The Christmas Book
Last weekend, I found myself with one remaining remnant of the Christmas season hanging around the house like a guest you just can’t get rid of: the Christmas memory book. It’s one of those things you hate to fill out every year, but love to read the following December when you pull it out of the attic. So far, my family has seven Christmases catalogued with our family’s cards, traditions, meals, activities, special gifts, mishaps and so on.
Desperately wanting to be done with it so I could officially declare Christmas over, I quickly scribbled answers into each of the blanks for “Christmas 2017.” The last section has several lines to fill in things you’ve received during the season. Typically, I use these lines to fill in answered prayer or special blessings: my son’s birth, a much needed newer vehicle, the purchase of our fixer upper.
Because I was in a hurry, and because no major personal devastation stood out in my mind, I quickly scribbled “God has been so good to us this year.” Boom! Done. I could pack up the book. Sayonara, Christmas!
But I lingered a moment looking at what I had just written and a feeling of sadness came over me. I felt that I had betrayed myself and what I believe. For the past several years, I’ve become increasingly cynical towards those who equate good fortune or material acquisitions to God’s goodness. Don’t get me wrong, I do believe God blesses people in these ways. There is plenty of evidence in Scripture of the rewards of proper stewardship, of people who seem richly (and monetarily) blessed because of God’s favor. Brent and I certainly have felt that very favor in our own lives.
But the trouble happens when we automatically assume good fortune is a sign of God’s goodness. If we think that way, we must also conclude that if we experience bad fortune, we must somehow be on God’s poo-poo list. That somehow he has chosen not to be good to us.
That is a lie.
Just last week, my family received the devastating news that yet another member of our family is about to battle cancer. What was initially thought to be contained in the breast has been discovered in both the liver and spine. The judgment? It can’t be cured. The best they can do is contain it.
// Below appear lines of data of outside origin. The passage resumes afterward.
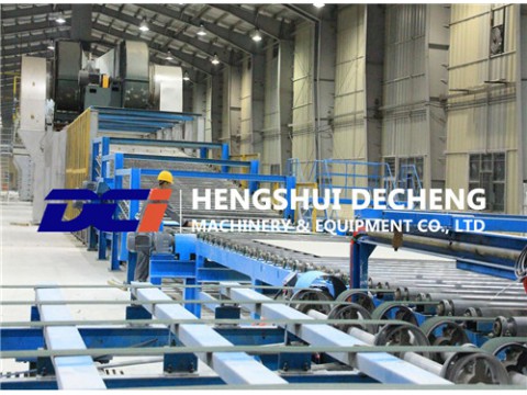 This production line used  the  calcined gypsum powder, water and various additives are automatically and separately measured and conveyed into the mixer by continuous auto-conveying system. After well mixed into slurry and spreaded onto the gypsum board protective paper which is continuously moving forward. During the progressing process, the slurry is gradually dispersed with vibration, and jointed with back protective paper.  When going through extruded shaping machine, the slurry is fully wrapped by upper and lower paper, pressing into well-regulated flat board which is continuously brought forward as per a stable and strictly controlled speed. After any minutes , the calcined gypsum in the slurry is hydrated again and crystallized into tiny interpenetrative dihydrate gypsum crystal with higher strength. And then, the wet gypsum board with a certain strength and regular shape is precisely cut into individual boards with set size by an auto-controlled cutting system. The individual boards are orderly arranged, turned over by program control system and brought into the dyer. In the dryer, the absorbed water in the boards is evaporated away. following strict drying system(The crystal water in the gypsum crystal has no loss). After brought out from the dryer, the boards are gradually cooled down in the running process. The front sides of every two boards are folded after turned over again, and the two ends are cut into boards with regular size and nice appearance by end sawing machine.  And finally the boards are conveyed to automatic stacking machine and stacked into well-ordered finished products before put into storage.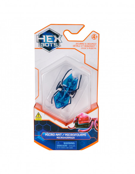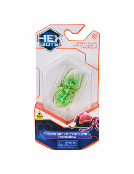 Avasta Planeet HEXBOTS maailm! Avasta selle maailma robootilised imed! Need pisiksed droidid roomavad ja siblivad end sinu kujutlusvõimesse. HEXBOTSi Mikro sipelgas on kiireloomuline robot kes sibab ereinevates suunades ja põrkub pindadelt millega kokku puutub. Kuhu läheb ta järgmisena? Neid elektroonilisi sitikaid saab kasutada oma enda lugude jutustamiseks, koduloomana pidamiseks, sõprade ja pere ehmatamiseks ning kasvõi isepäi nautimiseks! Nad sobivad nii lastele mängimiseks kui täiskasvanutele kontoris valla päästmsieks. HEXBOTSi mikro sipelgad on iseliikuvad, motoriseeritud, putukalaadsed olendid, mis on ühed meie väikseimatest! Nad on superkiired ja ruttavad üle erinevate tasapindade - proovi koguda kõik viis erinevat! Ehita oma enda robootiline sipelgapesa. Tähelepanu: Töötavad kõige paremini kõvadel pindadel.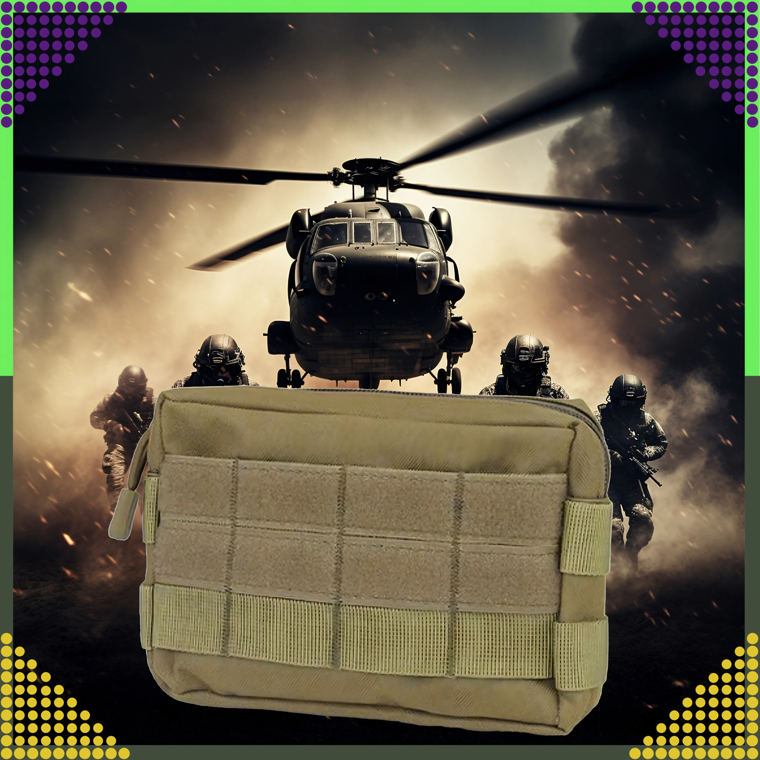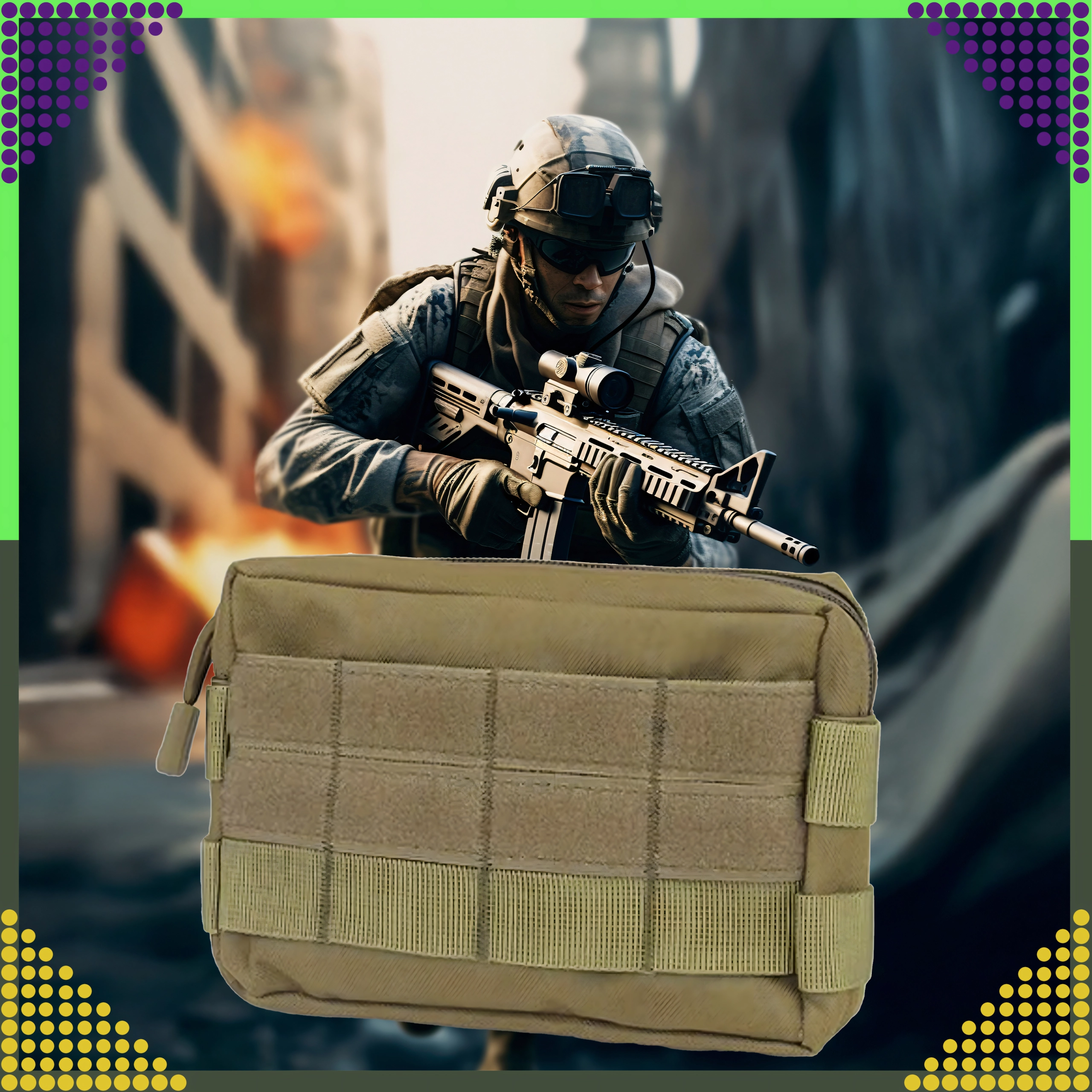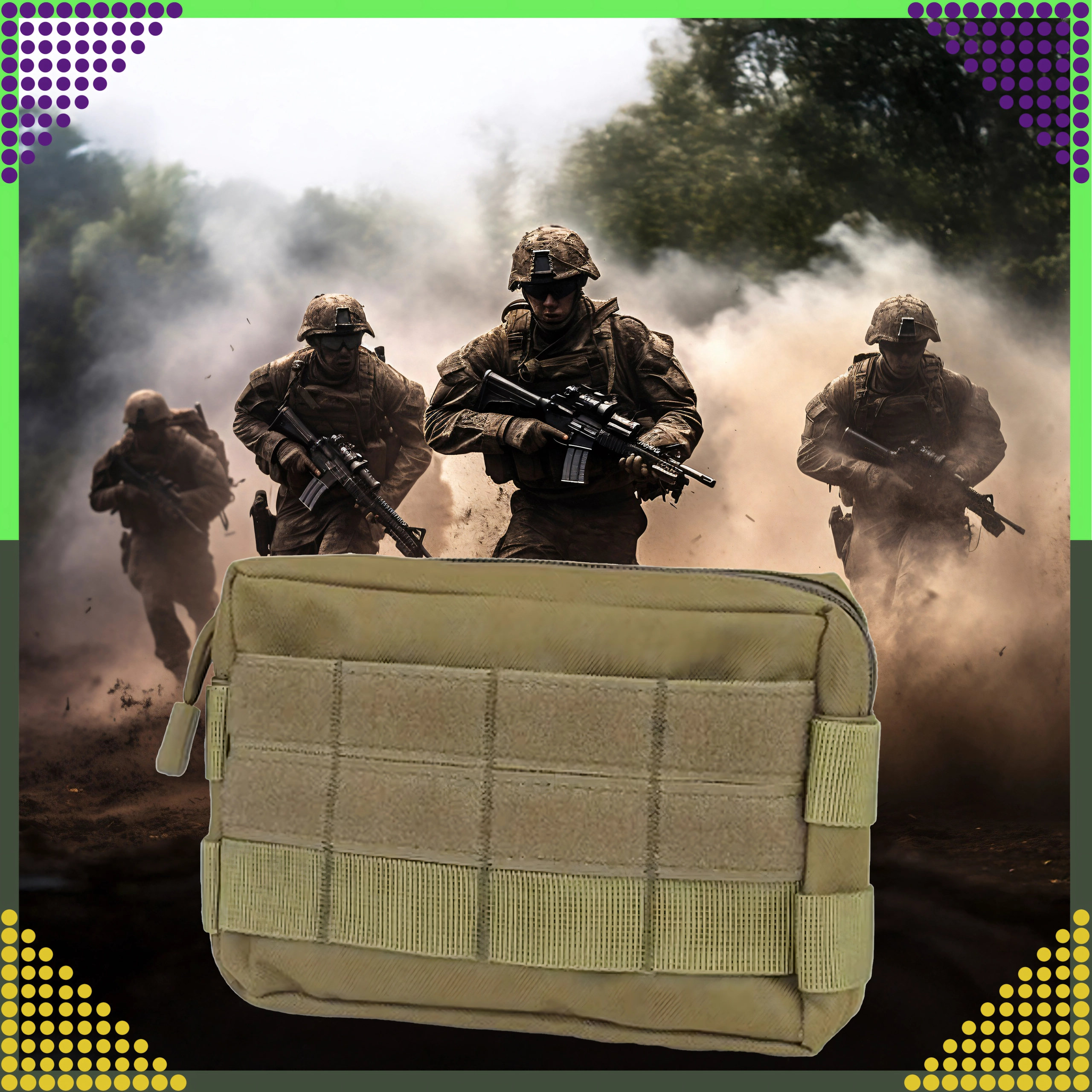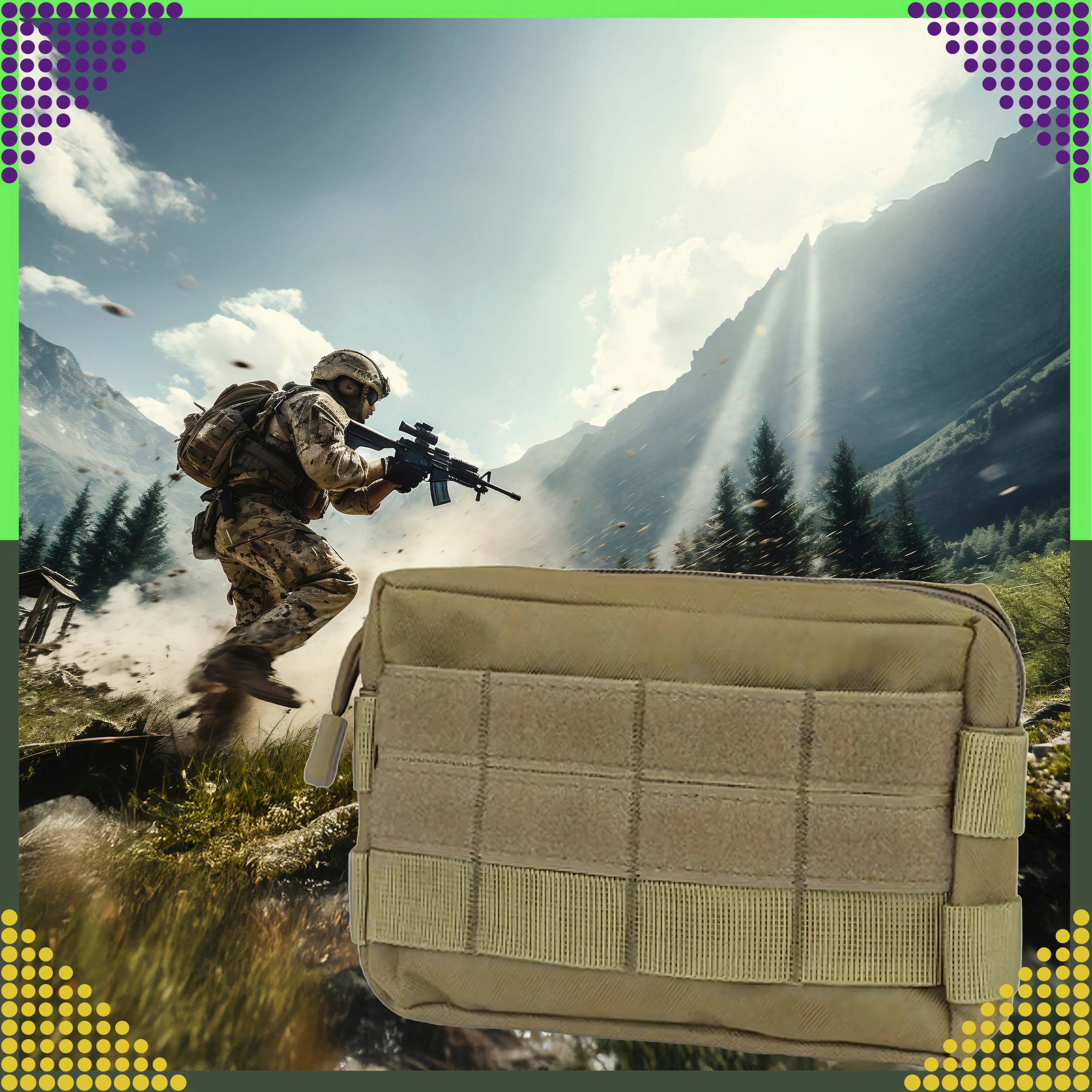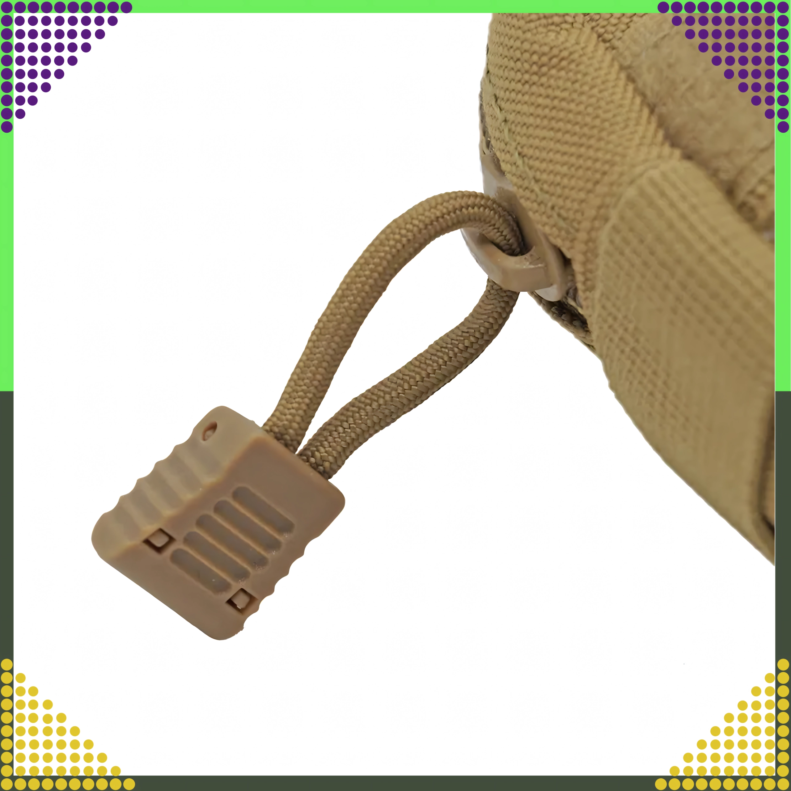 Pochette tactique compacte en nylon 600D résistant avec traitement déperlant, compatibilité MOLLE et organiseur en maille élastique. Le compartiment principal se ferme par fermeture éclair avec tirettes en paracorde pour une ouverture rapide et sûre. Idéale comme étui EDC, mini trousse de secours ou pochette à outils pour gilet, sac à dos ou ceinture.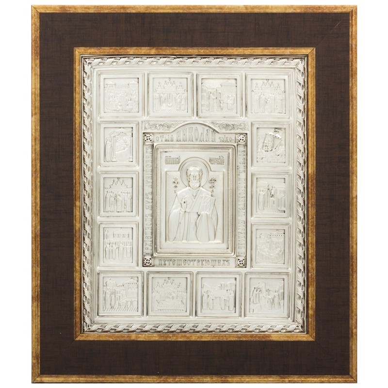 Прекрасная икона изготовлена мастером методом литья. Икона обложена в медный оклад, который сверху покрыт серебром, украшена патиной. Икона оформлена в декоративный багет, стилизованный под дерево.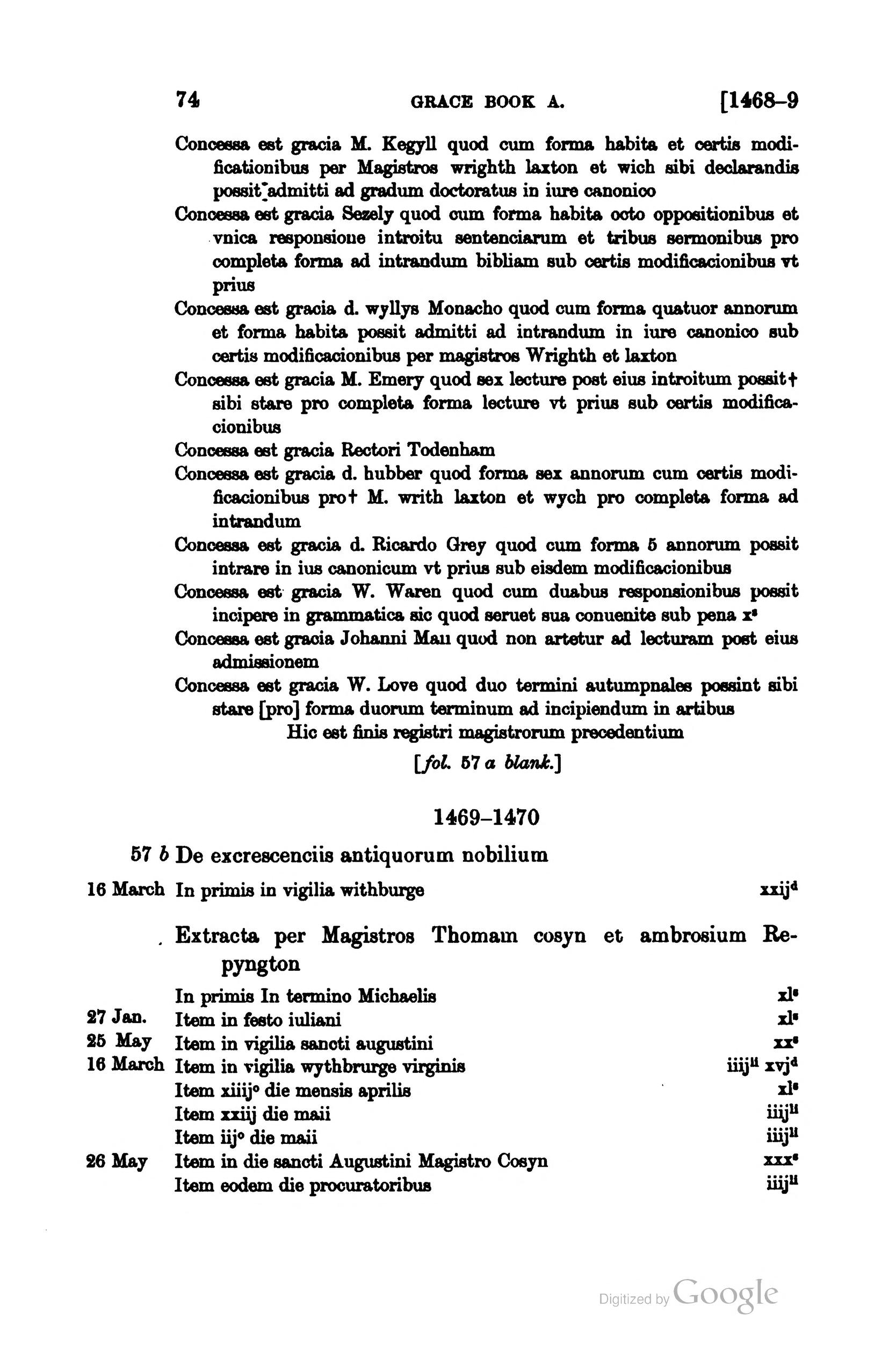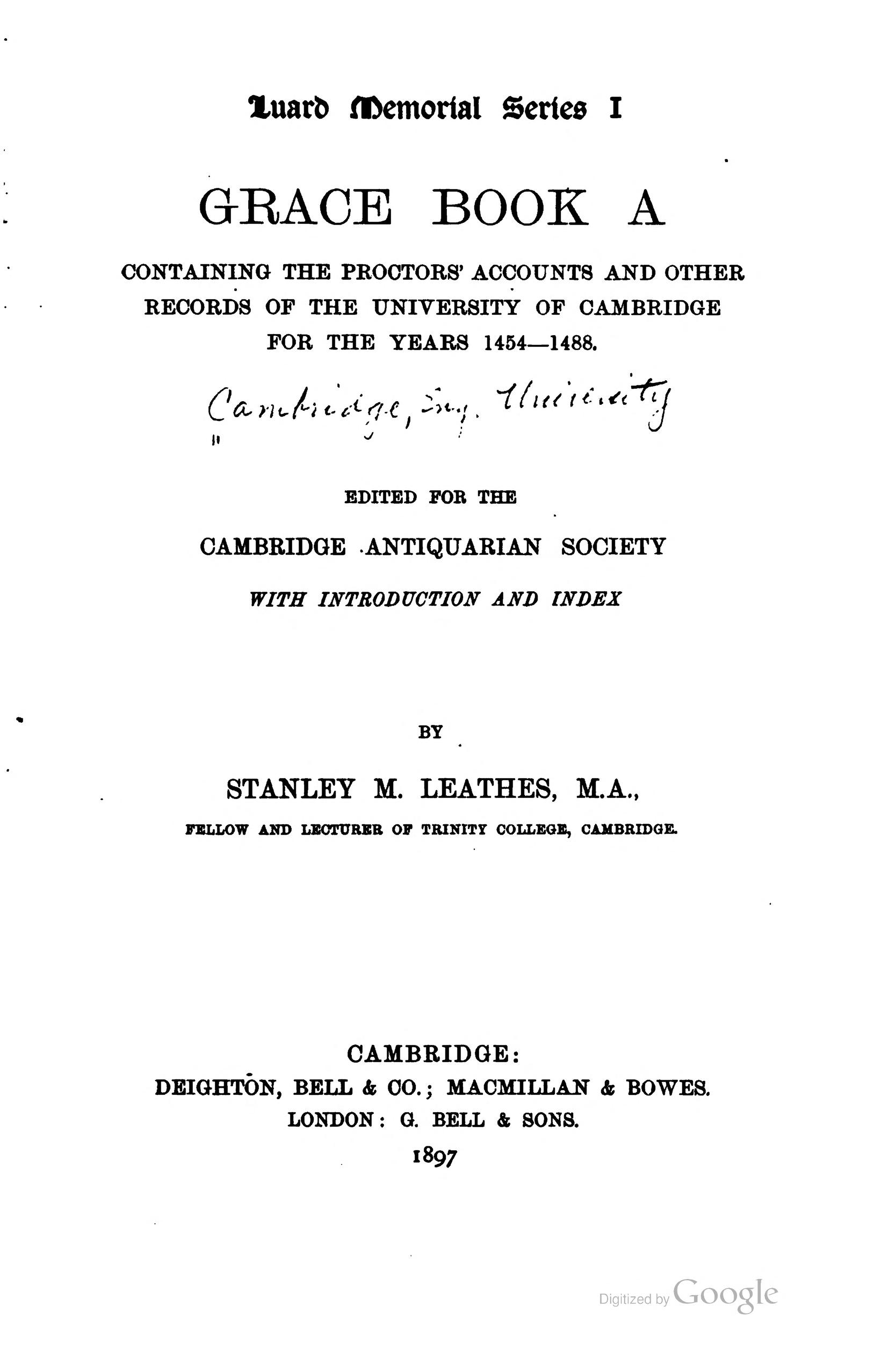 Grace book A, containing the proctors' accounts and other records of the University of Cambridge p.xxxvi
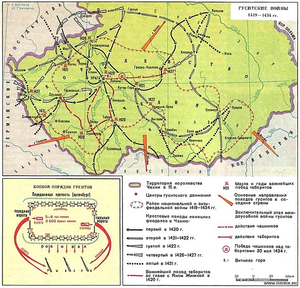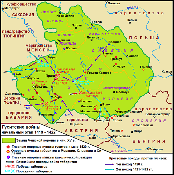 Первоначально гуситы сплочённо воевали против католиков, организовавших против них серию крестовых походов, позднее их движение разделилось на умеренных («чашников»), примирившихся с католиками, и радикалов («таборитов»), потерпевших поражение.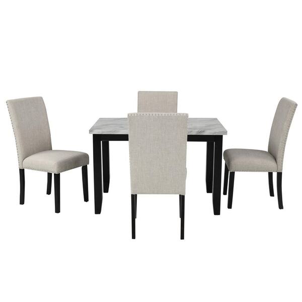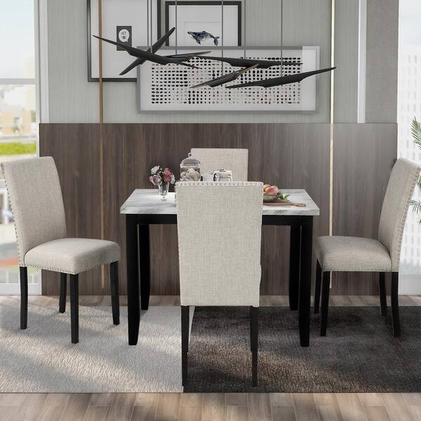 Godeer 5 Piece Rectangle Faux Marble Top White Dining Table Set With 4 Thicken Cushion Dining Chairs St000040aak The Home Depot

I started this year hopeful that it was going to be our family’s best year yet, but the truth is, we don’t know what’s barreling at us five minutes in the future. A job loss, a diagnosis, an accident, death. We simply do not know the next moment.
As I considered all of this, I no longer felt that I had betrayed my beliefs. I can confidently write that God has been so good to us in 2017, enormous blessings and all, because I also know the same will be true in 2018, even if we happen to reap devastation upon devastation.
He’s good to us in health and wealth.
He’s good to us in the pit of our misery.
While I enjoy the health and wealth part, I also experience the most intimacy with the God of the universe when things are crumbling around me. In our weakness his strength is made known.
A job loss? God is good.
A devastating accident? God is good.
Death? God is good.
No matter the circumstances you find yourself in today, take comfort in knowing that God is good.